The COVID-19 pandemic has highlighted structural problems that Canada and much of the developed world will have to contend with for decades to come. Low population growth and increased life expectancy will see the share of the population over the age of 65 increase to roughly 25% by 2068. Spending on elderly transfer benefits is projected to peak at roughly 3.2% of Gross Domestic Product in 2031.

Today, I want to look at two TSX stocks that are worth adding as investors prepare for this future. Let’s dive in.

Jamieson Wellness (TSX:JWEL) made its debut on the TSX in 2017. At the time, management predicted that the company’s growth would be fueled by an aging domestic and global population.

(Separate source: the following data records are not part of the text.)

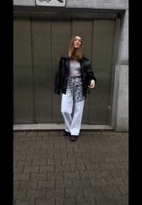• Γυναίκα που στέκεται σε πεζοδρόμιο μπροστά από μια μεταλλική πόρτα, φορώντας μαύρο δερμάτινο μπουφάν, λευκό πουκάμισο, λευκό παντελόνι με μαύρο λουλουδάτο σχέδιο και μαύρα παπούτσια.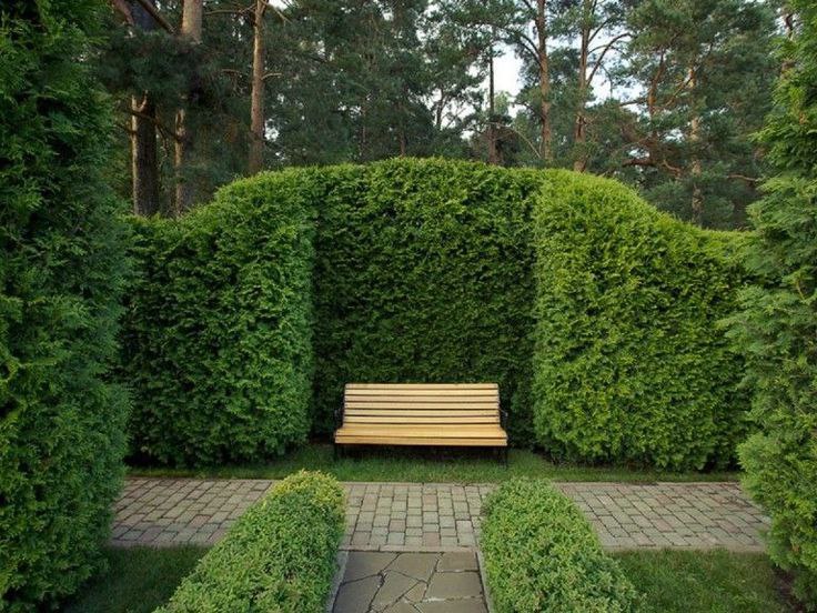 – Высокие (от 2 м) создают полноценные «комнаты» в саду, подходят для маскировки неприглядных зон (хозпостроек, забора). Примеры растений: туя западная, ель обыкновенная, можжевельник, граб, липа.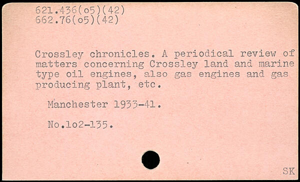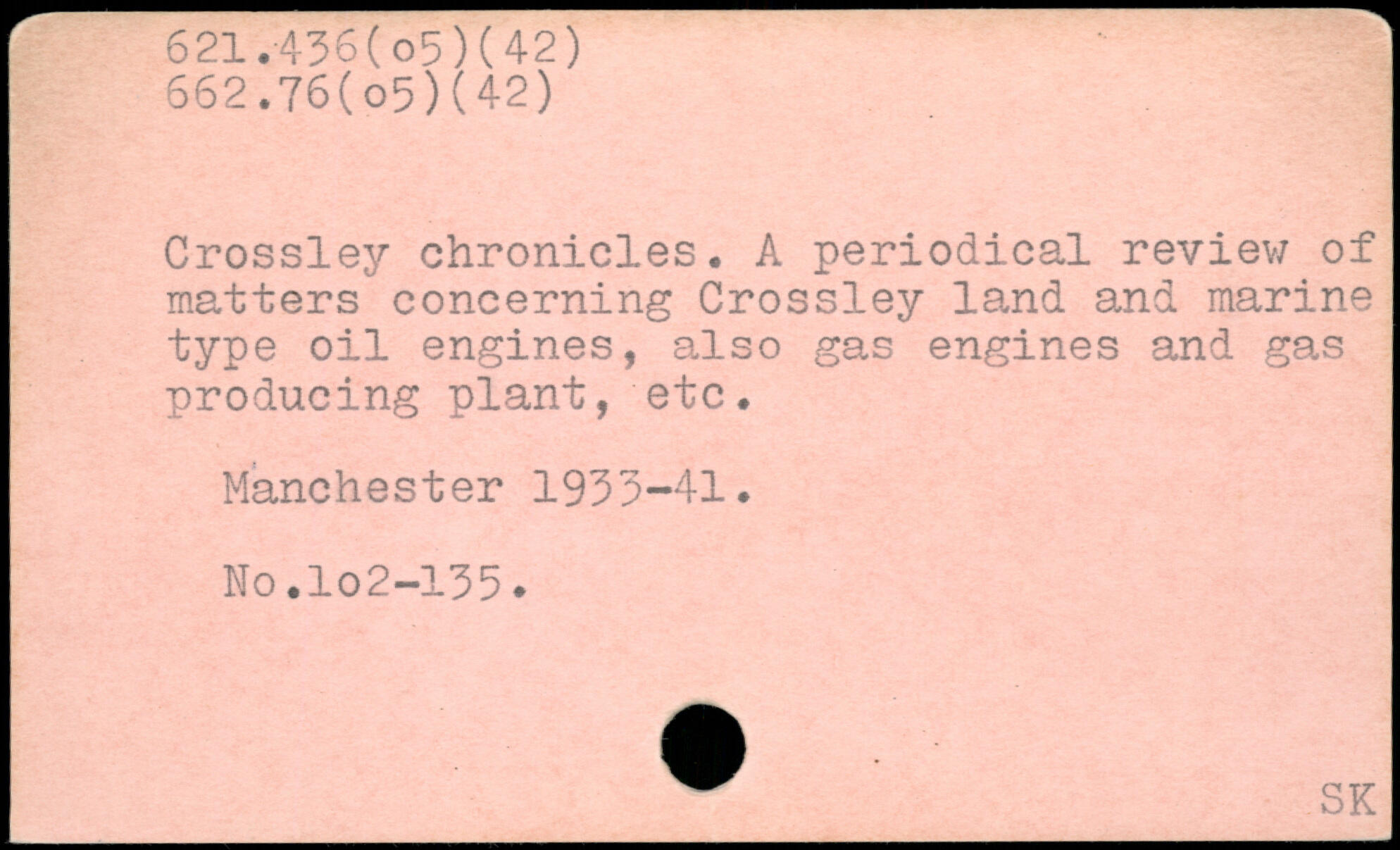 Crossley chronicles. A periodical review of matters concerning Crossley land and marine type oil engines, also gas engines and gas producing plant, etc.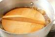 だし汁、<調味料>を加えて強火にし、煮立てば落とし蓋をして、落とし蓋に煮汁が当たり全体に煮汁が広がる火加減で、煮汁が少なくなるまで煮る。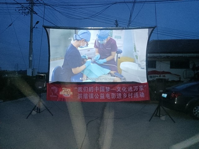 一块幕布、一个投影仪,随着机器的启动,放映机发出的光瞬间点亮了夜晚的广场,聚集在荧幕下的村民越来越多,大家逐渐安静下来,沉浸于生动的电影世界中。宽大的银幕,清晰的画面,大家拉着家常,孩童们在一起嬉笑玩闹,大家全身心享受着露天电影带来的温馨和乐趣,欢快的笑声充盈着乡村的夜晚。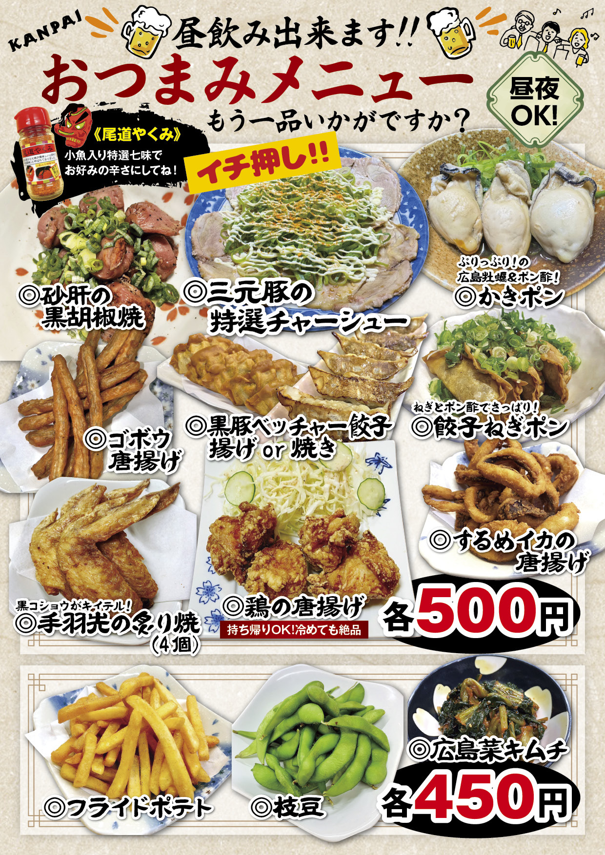 磯のりをのせ小魚の入った特製七味「尾道やくみ」でお好みの辛さでお召し上がりください。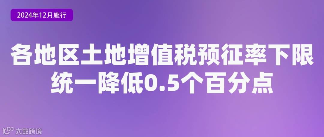 国家税务总局日前发布《关于降低土地增值税预征率下限的公告》,将土地增值税预征率下限降低0.5个百分点。调整后,除保障性住房外,东部地区省份预征率下限为1.5%,中部和东北地区省份预征率下限为1%,西部地区省份预征率下限为0.5%(地区的划分按照国务院有关文件的规定执行)。该公告自2024年12月1日起施行。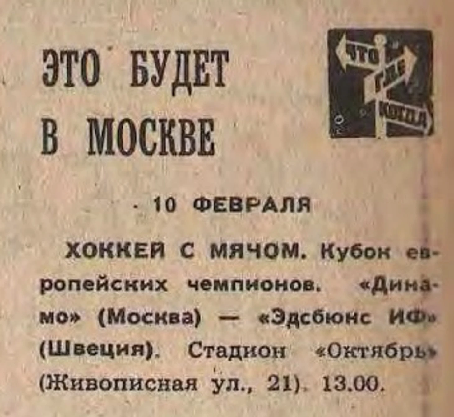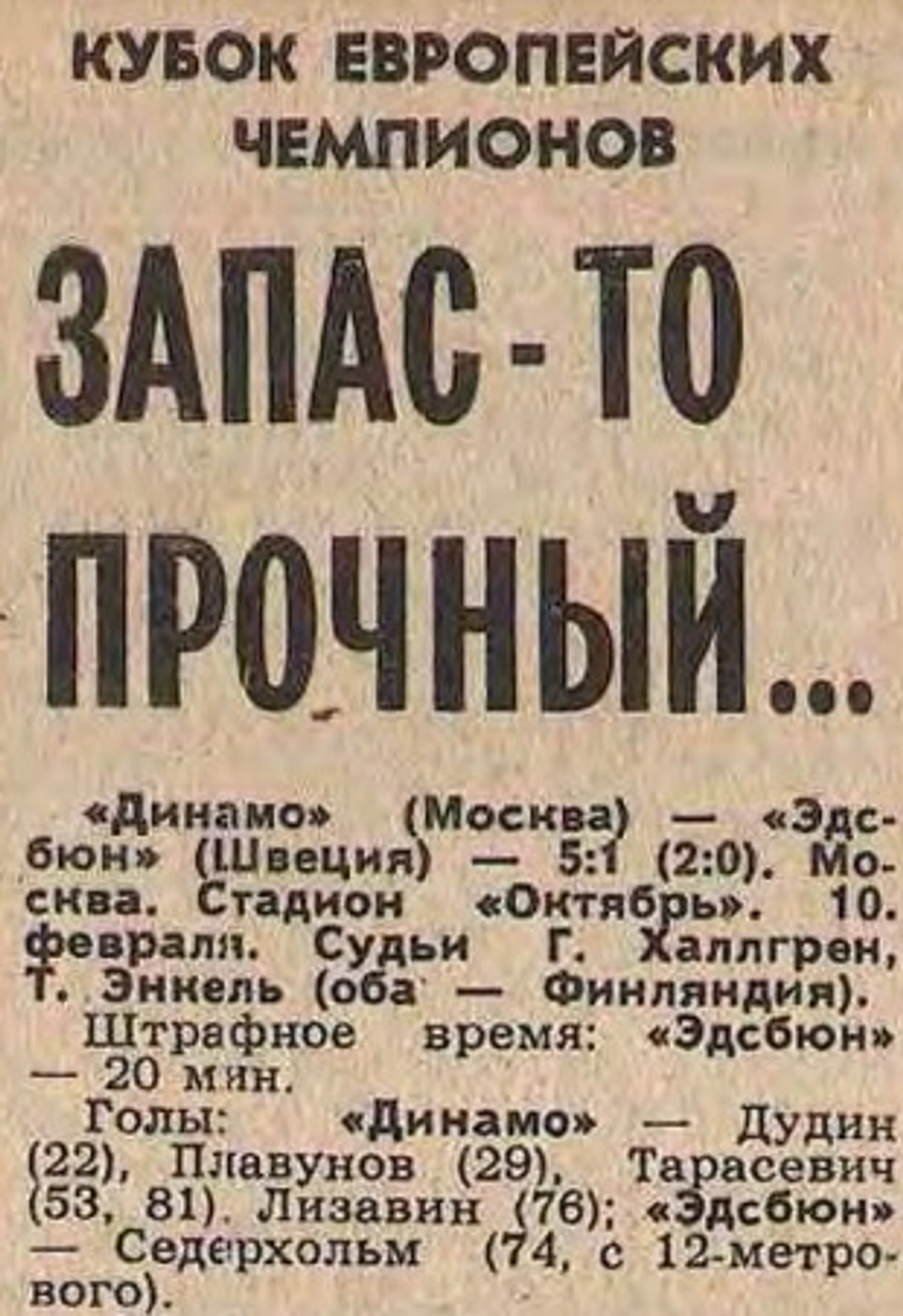 10 февраля 1979 года. Москва. Стадион «Октябрь» (ул. Живописная, 21). Кубок европейских чемпионов 1978/79. Финал. Первая игра. «Динамо» (Москва) - «Эдсбюн» (Эдсбюн) - 5:1 (газета «Советский спорт» № 35 за 11 февраля 1979 года)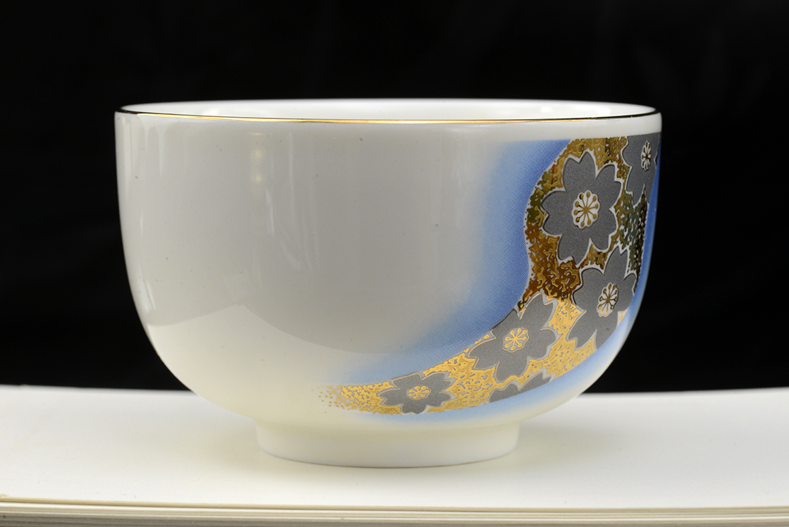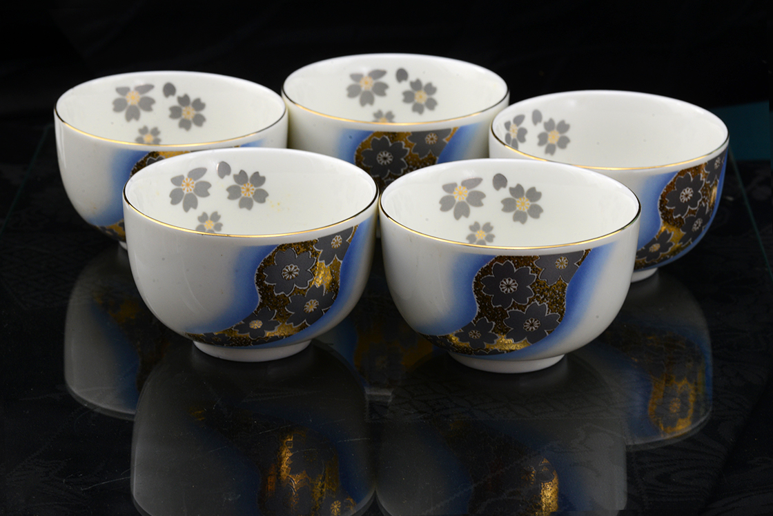 A Hasami kerámia Nagaszaki kerámiája, a XVI. század óta létezik és a többi déli kerámiához hasonlóan nehezen tagadhatja a koreai hatást. Finom porcelán alapon mázazott és kézzel festett, aranyozott minta. A csészék átmérője 8,4 cm, magassága 4,8 cm, az ár az öt csészére vonatkozik.
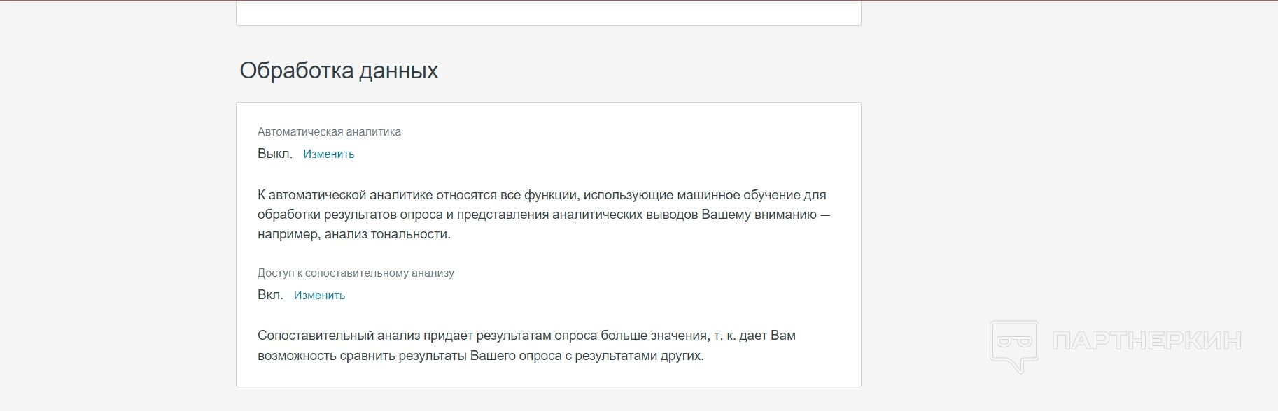 Далее есть обработка данных, где можно активировать автоматическую аналитику всех данных опроса, а также предоставить доступ к сопоставительному анализу на платформе.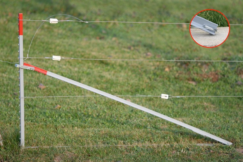 2.Tie one end of the brace wire off at the bottom of set post. While holding the brace post as far up and against the set post as possible, wrap the brace wire around the thimble, back to the set post, and tie off so that both sides have equal tension.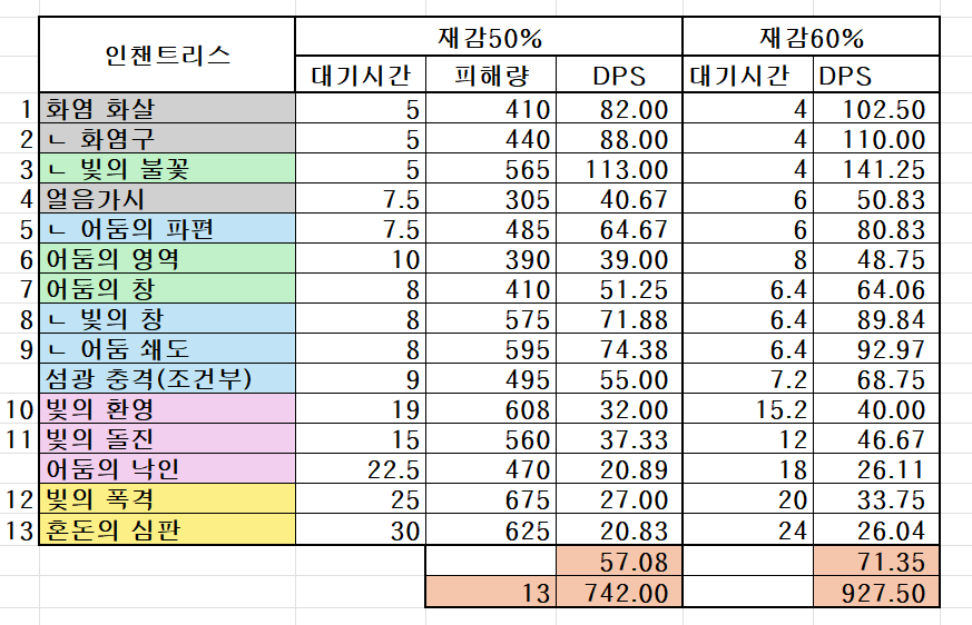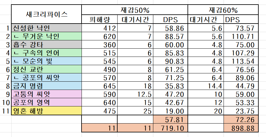 스킬 선택시에 딜계수를 비교하면 어떤 스킬을 우선해야 하는지 알 수 있겠네요.

Jamieson develops, manufactures, distributes, and sells natural health products around the world. Its shares have climbed 44% year-over-year as of mid-afternoon trading on March 31.

In 2020, the company reported revenue growth of 17% to $403 million. Adjusted EBITDA increased 15.9% to $88.0 million. Jamieson saw especially strong results in Asia. This promising TSX stock possesses a price-to-earnings ratio of 36. That is better-than-average compared to industry peers.

Savaria (TSX:SIS) provides accessibility solutions for the elderly and physically challenged around the world. This TSX stock is up 19% in 2021 and 65% from the prior year. Adjusted net earnings rose 6.5% year-over-year to $28.5 million or $0.56 per share in 2020.

Meanwhile, adjusted EBITDA climbed 7.5% to $59.8 million. Savaria also pays out a monthly distribution of $0.04 per share. That represents a 2.7% yield.